Given records Start Marker

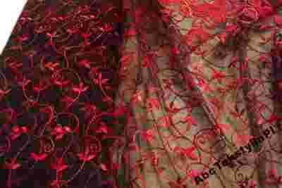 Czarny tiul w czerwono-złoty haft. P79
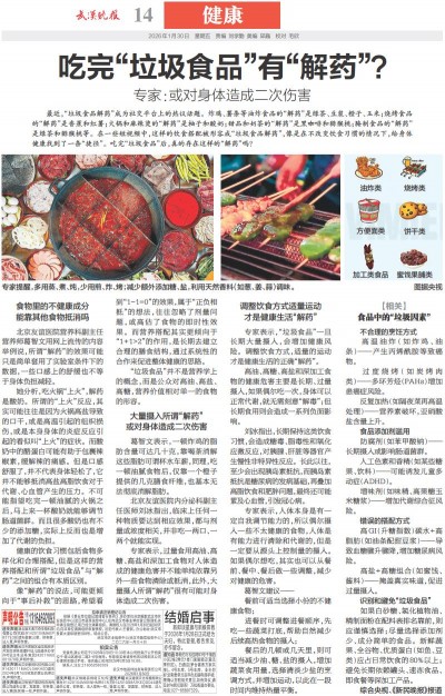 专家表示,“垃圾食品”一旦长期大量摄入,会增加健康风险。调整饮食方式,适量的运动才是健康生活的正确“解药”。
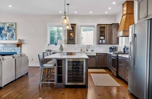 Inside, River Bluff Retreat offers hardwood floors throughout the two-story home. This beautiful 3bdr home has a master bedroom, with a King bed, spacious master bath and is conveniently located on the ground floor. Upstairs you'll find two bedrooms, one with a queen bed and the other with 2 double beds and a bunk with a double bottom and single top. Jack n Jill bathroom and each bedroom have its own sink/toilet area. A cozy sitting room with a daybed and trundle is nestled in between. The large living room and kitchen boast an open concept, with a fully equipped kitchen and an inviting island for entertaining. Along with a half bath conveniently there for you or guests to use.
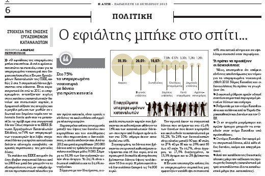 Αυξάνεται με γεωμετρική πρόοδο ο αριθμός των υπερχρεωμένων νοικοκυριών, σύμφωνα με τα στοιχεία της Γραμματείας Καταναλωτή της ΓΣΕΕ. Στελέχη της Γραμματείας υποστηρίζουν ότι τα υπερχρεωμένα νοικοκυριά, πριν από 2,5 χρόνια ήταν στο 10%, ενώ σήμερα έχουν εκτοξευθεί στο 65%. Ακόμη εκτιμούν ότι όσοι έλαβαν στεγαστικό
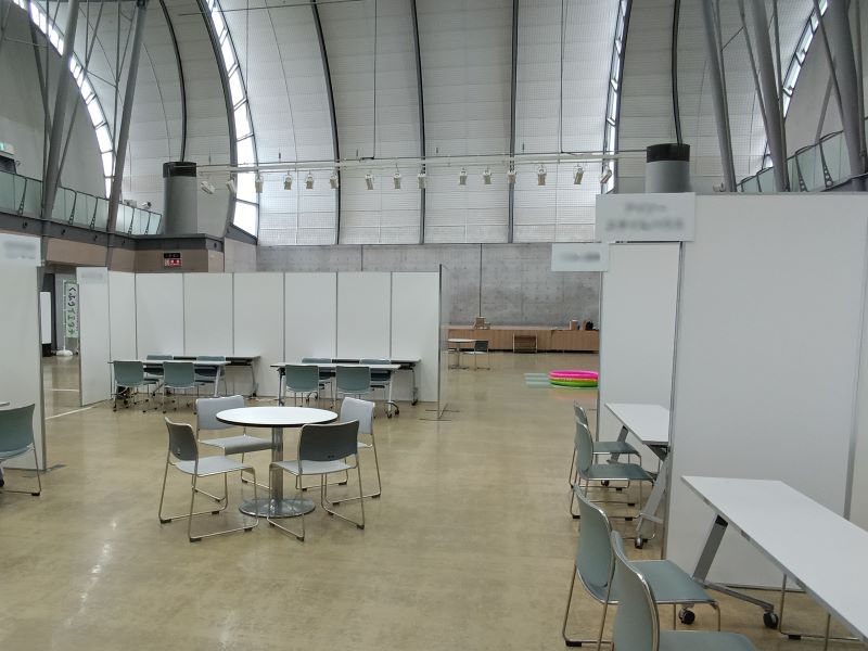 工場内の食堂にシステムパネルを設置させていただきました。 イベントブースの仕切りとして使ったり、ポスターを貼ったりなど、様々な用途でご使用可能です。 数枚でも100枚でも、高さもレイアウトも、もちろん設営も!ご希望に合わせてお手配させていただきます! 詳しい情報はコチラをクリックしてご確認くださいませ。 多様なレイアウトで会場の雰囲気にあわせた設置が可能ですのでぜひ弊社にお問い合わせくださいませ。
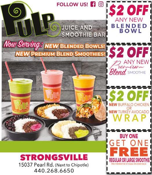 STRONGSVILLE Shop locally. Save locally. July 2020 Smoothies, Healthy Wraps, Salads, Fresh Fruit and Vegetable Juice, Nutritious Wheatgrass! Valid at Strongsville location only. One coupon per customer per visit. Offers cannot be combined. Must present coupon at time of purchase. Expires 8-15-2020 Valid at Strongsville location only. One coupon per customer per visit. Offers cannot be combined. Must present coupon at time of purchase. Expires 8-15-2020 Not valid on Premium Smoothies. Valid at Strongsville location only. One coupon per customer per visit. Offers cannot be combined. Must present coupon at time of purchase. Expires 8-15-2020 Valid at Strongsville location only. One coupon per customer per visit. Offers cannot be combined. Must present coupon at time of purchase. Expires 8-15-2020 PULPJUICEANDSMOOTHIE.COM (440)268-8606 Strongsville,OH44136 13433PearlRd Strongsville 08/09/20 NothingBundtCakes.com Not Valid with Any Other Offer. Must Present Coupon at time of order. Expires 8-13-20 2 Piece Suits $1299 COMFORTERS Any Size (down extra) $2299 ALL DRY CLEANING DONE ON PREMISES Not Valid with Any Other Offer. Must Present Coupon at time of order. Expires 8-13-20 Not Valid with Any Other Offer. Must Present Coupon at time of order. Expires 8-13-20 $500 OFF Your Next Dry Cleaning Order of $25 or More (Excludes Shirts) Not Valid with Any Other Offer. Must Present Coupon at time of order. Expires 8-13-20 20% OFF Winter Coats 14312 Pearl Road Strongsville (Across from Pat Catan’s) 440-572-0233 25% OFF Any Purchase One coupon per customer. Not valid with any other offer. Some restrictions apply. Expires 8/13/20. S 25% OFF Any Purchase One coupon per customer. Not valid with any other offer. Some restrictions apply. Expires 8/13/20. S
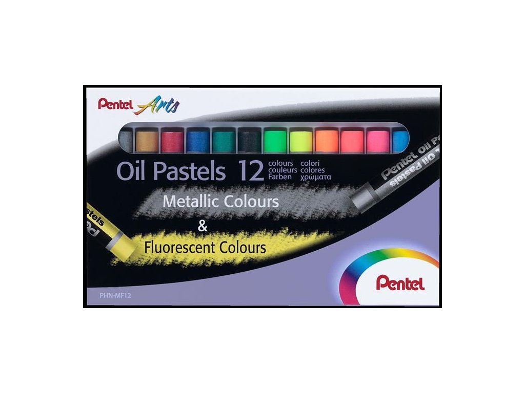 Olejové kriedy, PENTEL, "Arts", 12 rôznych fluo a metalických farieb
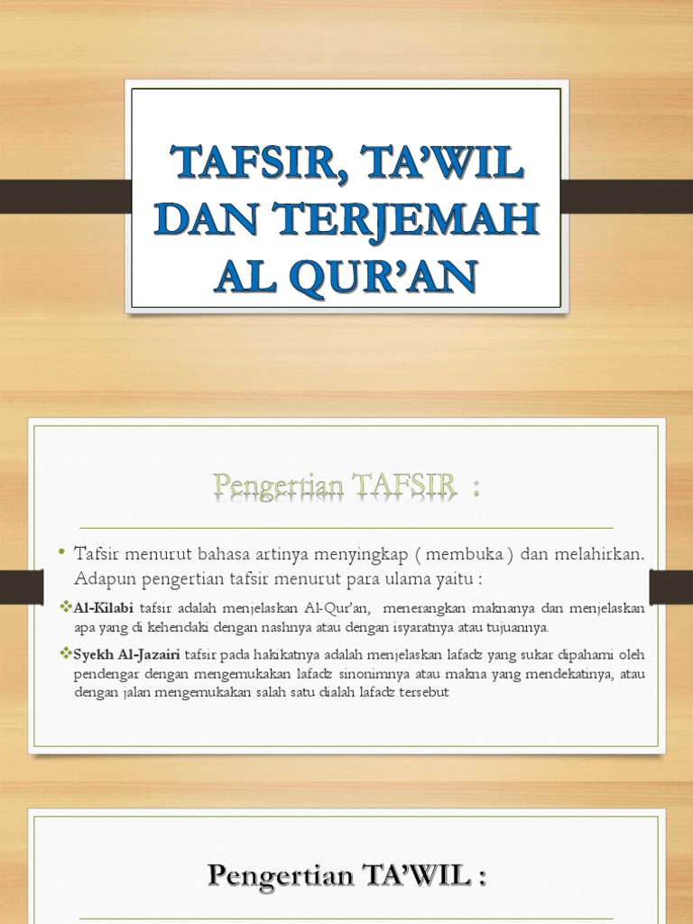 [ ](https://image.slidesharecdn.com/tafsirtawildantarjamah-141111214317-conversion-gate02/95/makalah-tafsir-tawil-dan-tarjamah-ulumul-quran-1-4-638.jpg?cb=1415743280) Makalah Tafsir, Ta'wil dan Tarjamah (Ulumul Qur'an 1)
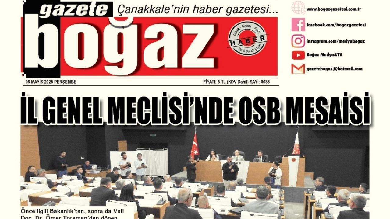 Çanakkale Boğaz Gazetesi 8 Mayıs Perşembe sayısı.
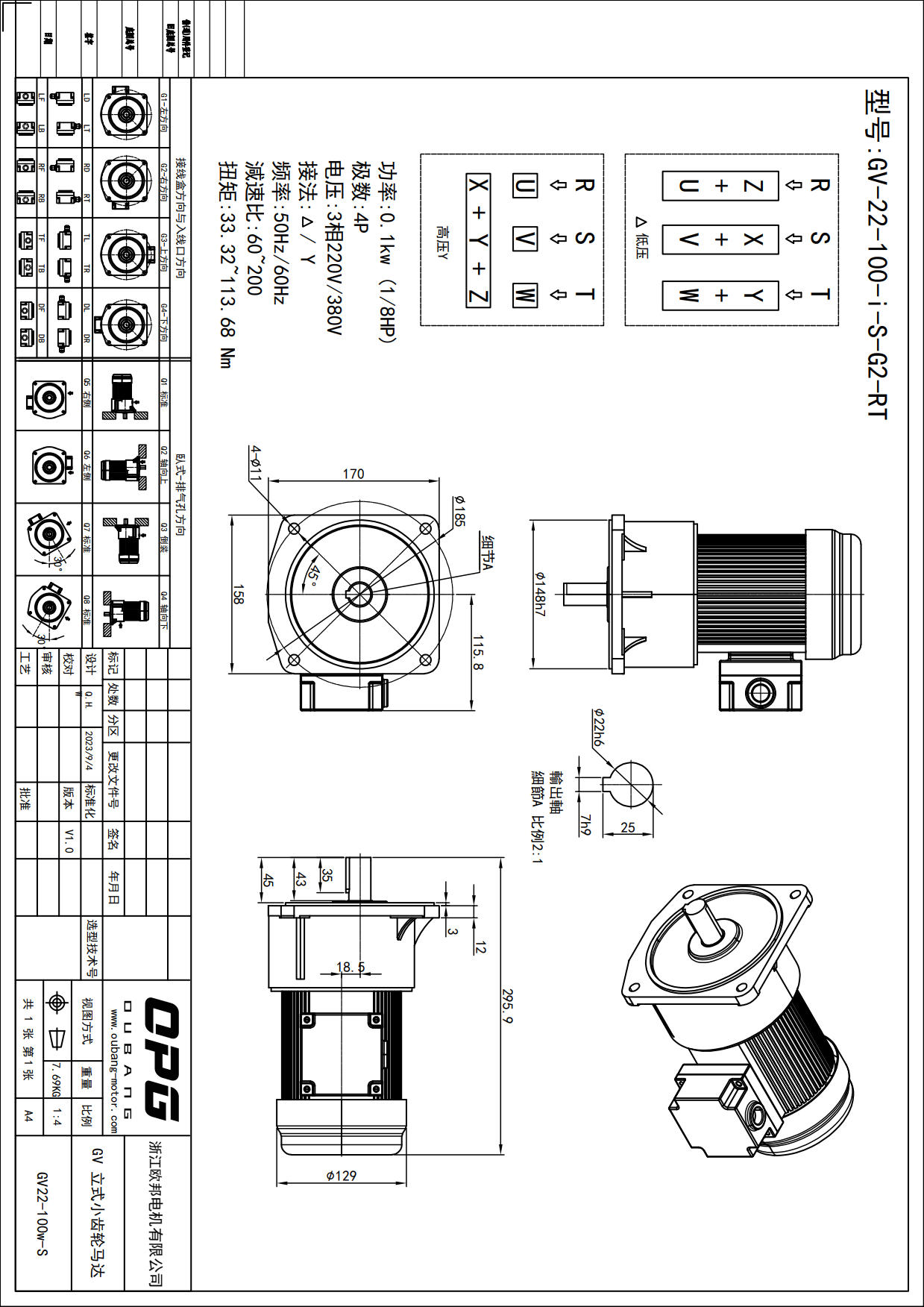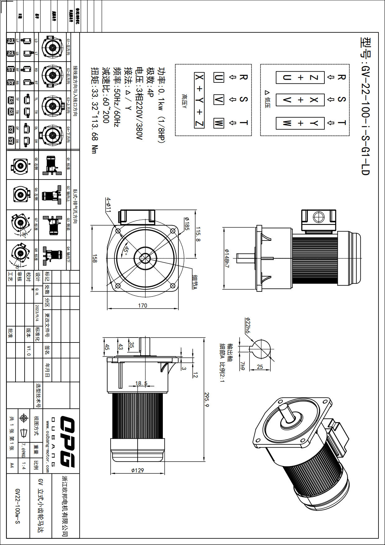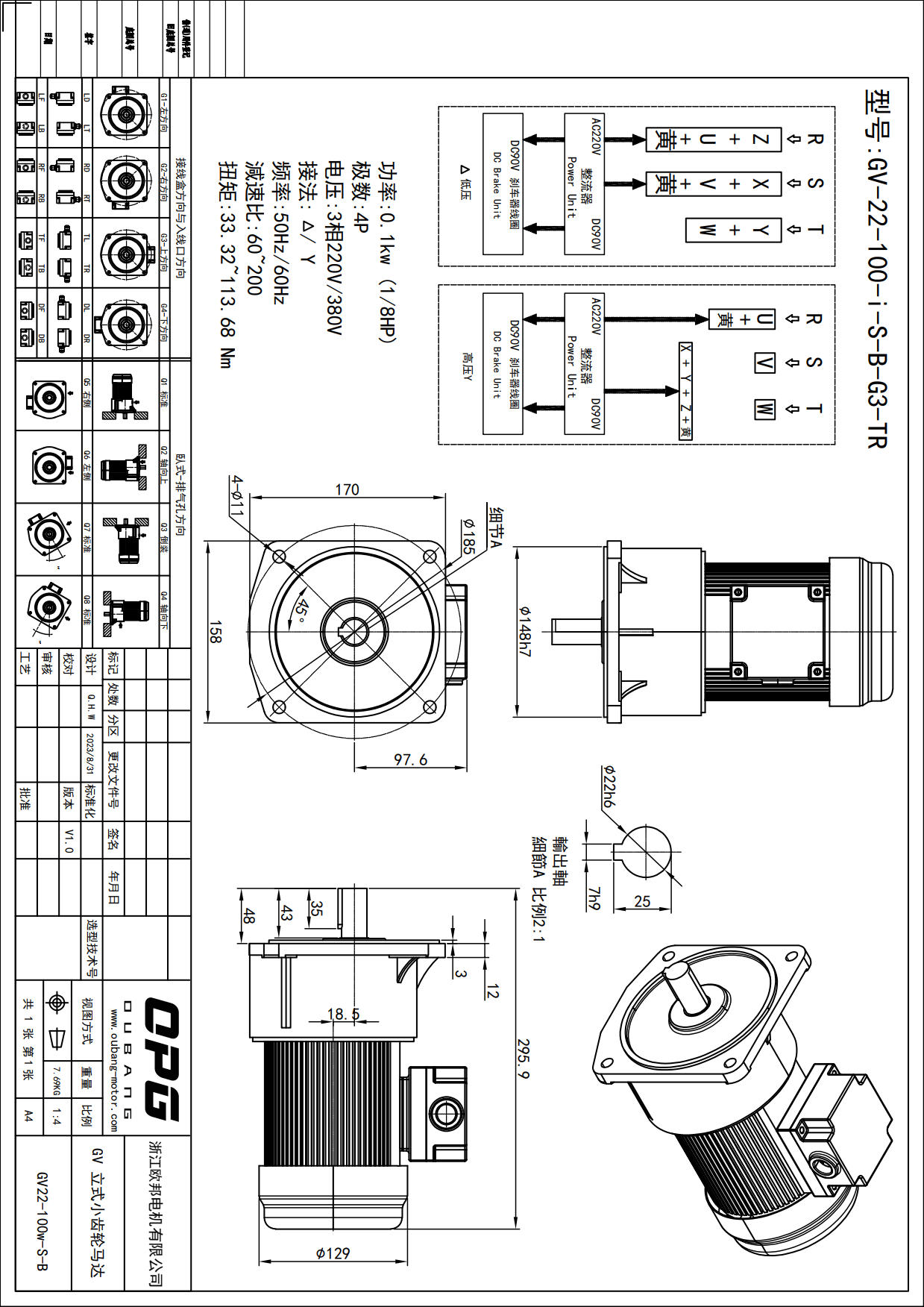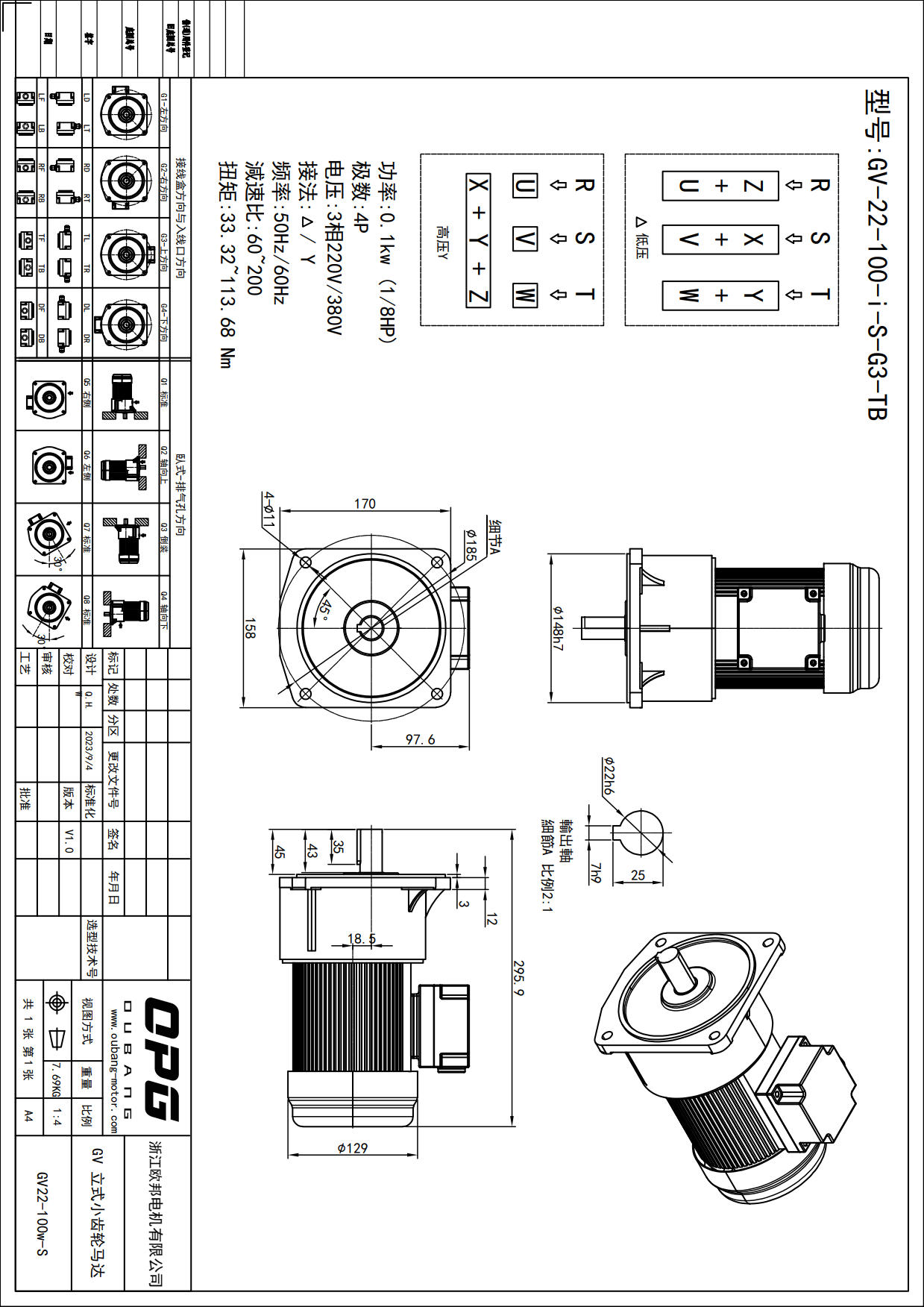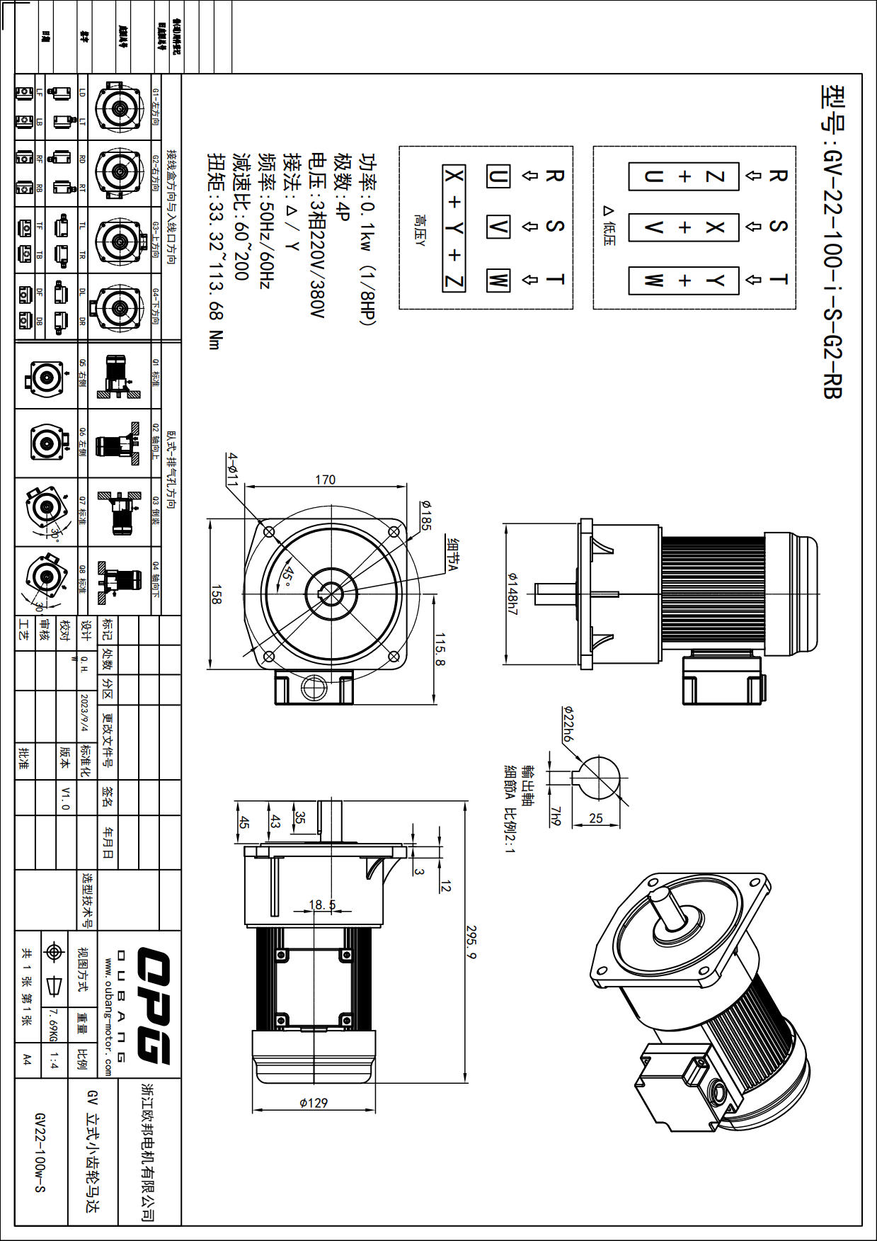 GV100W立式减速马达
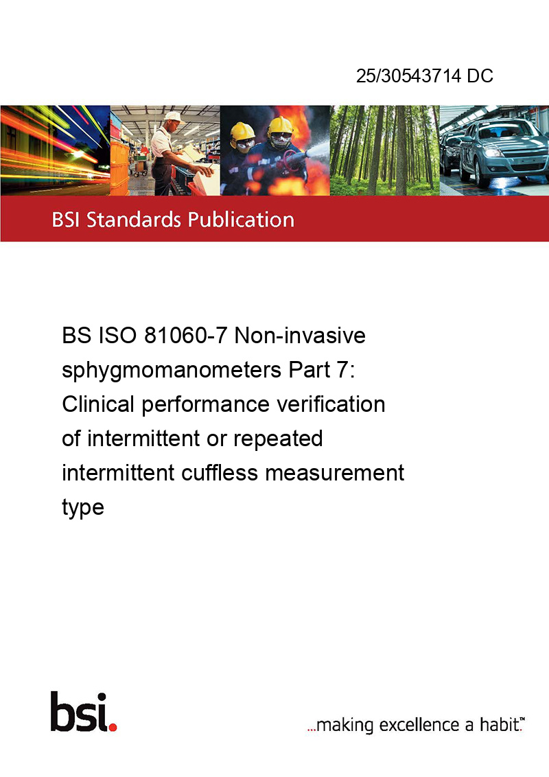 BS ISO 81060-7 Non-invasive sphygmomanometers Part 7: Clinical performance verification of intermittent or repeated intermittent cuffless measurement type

Given records End Marker

Task to carry out: Output the lines above in full and exactly. Leave out every picture.

Solution to this exercise:
 Czarny tiul w czerwono-złoty haft. P79
 专家表示,“垃圾食品”一旦长期大量摄入,会增加健康风险。调整饮食方式,适量的运动才是健康生活的正确“解药”。
 Inside, River Bluff Retreat offers hardwood floors throughout the two-story home. This beautiful 3bdr home has a master bedroom, with a King bed, spacious master bath and is conveniently located on the ground floor. Upstairs you'll find two bedrooms, one with a queen bed and the other with 2 double beds and a bunk with a double bottom and single top. Jack n Jill bathroom and each bedroom have its own sink/toilet area. A cozy sitting room with a daybed and trundle is nestled in between. The large living room and kitchen boast an open concept, with a fully equipped kitchen and an inviting island for entertaining. Along with a half bath conveniently there for you or guests to use.
 Αυξάνεται με γεωμετρική πρόοδο ο αριθμός των υπερχρεωμένων νοικοκυριών, σύμφωνα με τα στοιχεία της Γραμματείας Καταναλωτή της ΓΣΕΕ. Στελέχη της Γραμματείας υποστηρίζουν ότι τα υπερχρεωμένα νοικοκυριά, πριν από 2,5 χρόνια ήταν στο 10%, ενώ σήμερα έχουν εκτοξευθεί στο 65%. Ακόμη εκτιμούν ότι όσοι έλαβαν στεγαστικό
 工場内の食堂にシステムパネルを設置させていただきました。 イベントブースの仕切りとして使ったり、ポスターを貼ったりなど、様々な用途でご使用可能です。 数枚でも100枚でも、高さもレイアウトも、もちろん設営も!ご希望に合わせてお手配させていただきます! 詳しい情報はコチラをクリックしてご確認くださいませ。 多様なレイアウトで会場の雰囲気にあわせた設置が可能ですのでぜひ弊社にお問い合わせくださいませ。
 STRONGSVILLE Shop locally. Save locally. July 2020 Smoothies, Healthy Wraps, Salads, Fresh Fruit and Vegetable Juice, Nutritious Wheatgrass! Valid at Strongsville location only. One coupon per customer per visit. Offers cannot be combined. Must present coupon at time of purchase. Expires 8-15-2020 Valid at Strongsville location only. One coupon per customer per visit. Offers cannot be combined. Must present coupon at time of purchase. Expires 8-15-2020 Not valid on Premium Smoothies. Valid at Strongsville location only. One coupon per customer per visit. Offers cannot be combined. Must present coupon at time of purchase. Expires 8-15-2020 Valid at Strongsville location only. One coupon per customer per visit. Offers cannot be combined. Must present coupon at time of purchase. Expires 8-15-2020 PULPJUICEANDSMOOTHIE.COM (440)268-8606 Strongsville,OH44136 13433PearlRd Strongsville 08/09/20 NothingBundtCakes.com Not Valid with Any Other Offer. Must Present Coupon at time of order. Expires 8-13-20 2 Piece Suits $1299 COMFORTERS Any Size (down extra) $2299 ALL DRY CLEANING DONE ON PREMISES Not Valid with Any Other Offer. Must Present Coupon at time of order. Expires 8-13-20 Not Valid with Any Other Offer. Must Present Coupon at time of order. Expires 8-13-20 $500 OFF Your Next Dry Cleaning Order of $25 or More (Excludes Shirts) Not Valid with Any Other Offer. Must Present Coupon at time of order. Expires 8-13-20 20% OFF Winter Coats 14312 Pearl Road Strongsville (Across from Pat Catan’s) 440-572-0233 25% OFF Any Purchase One coupon per customer. Not valid with any other offer. Some restrictions apply. Expires 8/13/20. S 25% OFF Any Purchase One coupon per customer. Not valid with any other offer. Some restrictions apply. Expires 8/13/20. S
 Olejové kriedy, PENTEL, "Arts", 12 rôznych fluo a metalických farieb
 [ ](https://image.slidesharecdn.com/tafsirtawildantarjamah-141111214317-conversion-gate02/95/makalah-tafsir-tawil-dan-tarjamah-ulumul-quran-1-4-638.jpg?cb=1415743280) Makalah Tafsir, Ta'wil dan Tarjamah (Ulumul Qur'an 1)
 Çanakkale Boğaz Gazetesi 8 Mayıs Perşembe sayısı.
 GV100W立式减速马达
 BS ISO 81060-7 Non-invasive sphygmomanometers Part 7: Clinical performance verification of intermittent or repeated intermittent cuffless measurement type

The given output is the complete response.